LivingSocial co-founder and former CEO Tim O’Shaughnessy has a new gig. Starting next month, he’ll be president of Graham Holdings Company, the investment and acquisitions company formerly named after the Washington Post, which it sold last year.

O’Shaughnessy will lead the post-Post company in a new direction, Graham Holdings Company Chairman and CEO Donald Graham said, according to a release on Business Wire.

O’Shaugnessy, 32, oversaw LivingSocial as it grew into a $2 billion company. He also oversaw it as the online coupon business model collapsed and the D.C.-based company took nosedive after nosedive.
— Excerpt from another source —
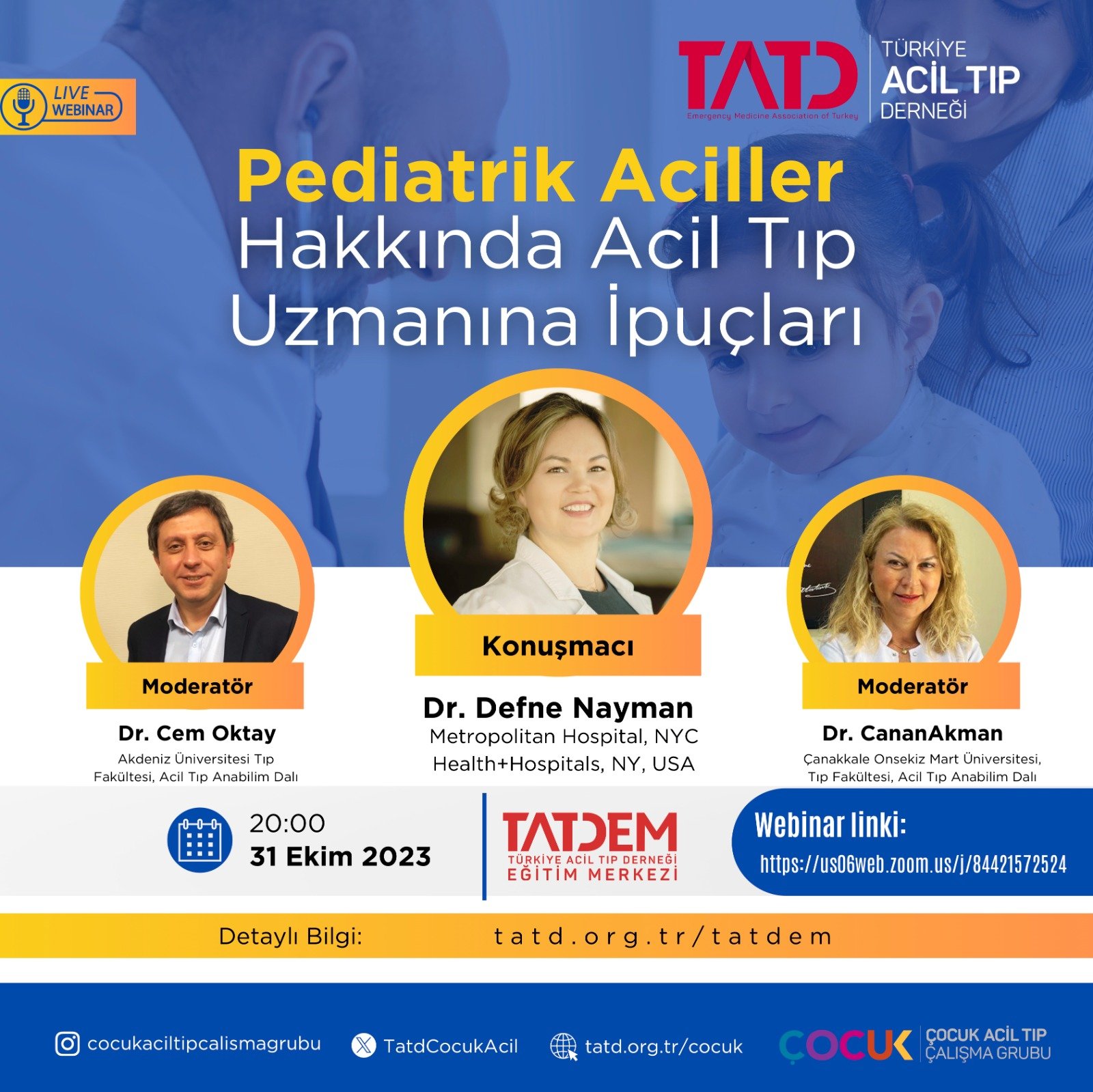 EtkinlikGeçmiş Webinarlarımız Webinar: Pediatrik Aciller Hakkında Acil Tıp Uzmanına İpuçları tarafından Bahadır Arslan 31 Ekim 2023 written by Bahadır Arslan 31 Ekim 2023 0 yorumlar 32 Webinar Kaydı Cocuk Acilwebinar 0 FacebookTwitterPinterestE-posta Bahadır Arslan Keşan Devlet Hastanesi previous post Webinar: Doğru Bilinen Yanlış Pediatrik Acil Uygulamaları next post Acil Servislerde Çocuklara Yönelik Bakım Standartları-Uluslararası Acil Tıp Federasyonu (IFEM) You may also like Webinar: ATLS11 Çocuk Travmasında Neler Değişti 4 Mart 2026 Webinar: Kritik Çocuk Hastanın Tanınması 18 Şubat 2026 Webinar: PALS-2025 15 Ocak 2026 Webinar: Çocuk Acil Tıp Literatüründe Gezinti 16 Aralık 2025 Webinar: Çocuklarda Hızlı Ardışık Entübasyon 18 Kasım 2025 Webinar: Çocuklarda Menenjit 21 Ekim 2025 Leave a Comment Yanıtı İptal Et Save my name, email, and website in this browser for the next time I comment. Δ
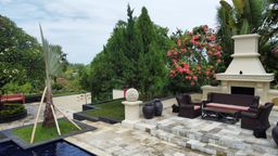 In ruhiger Lage, verteilt auf großer Fläche mit vielen Sitzmöglichkeiten, 3 Ebenen, kleinem Fischteich, großer Terrasse und großer Grillbereich, 2 Sonnenliegen, ein Gazebo zum Entspannen, riesiger Wohnbereich mit 75 Zoll TV, extra Sicherheitshäuschen, kleiner Dschungel zum Erkunden (falls man will), Bar mit Barhockern, abgetrennte Küche mit allem, was man braucht, usw.

He stepped down as CEO in August.

“I think the structure of the business is unique and allows for a long-term view at a time in which it’s more and more difficult to think five or ten years out,” O’Shaugnessy said in the release. “The financial fortress that is this business—the healthy balance sheet and the great businesses will allow us to invest and grow new great businesses are incredibly stable and will give an opportunity for the management team and everyone involved to build the next generation of this Company.”

Graham Holdings Company still owns Slate, Foreign Policy, and Kaplan Test Pre.

O’Shaughnessy should have a comfortable transition to the new company. He’s married to Graham’s daughter, who is CEO of SocialCode, a social marketing technology company owned by Graham Holdings.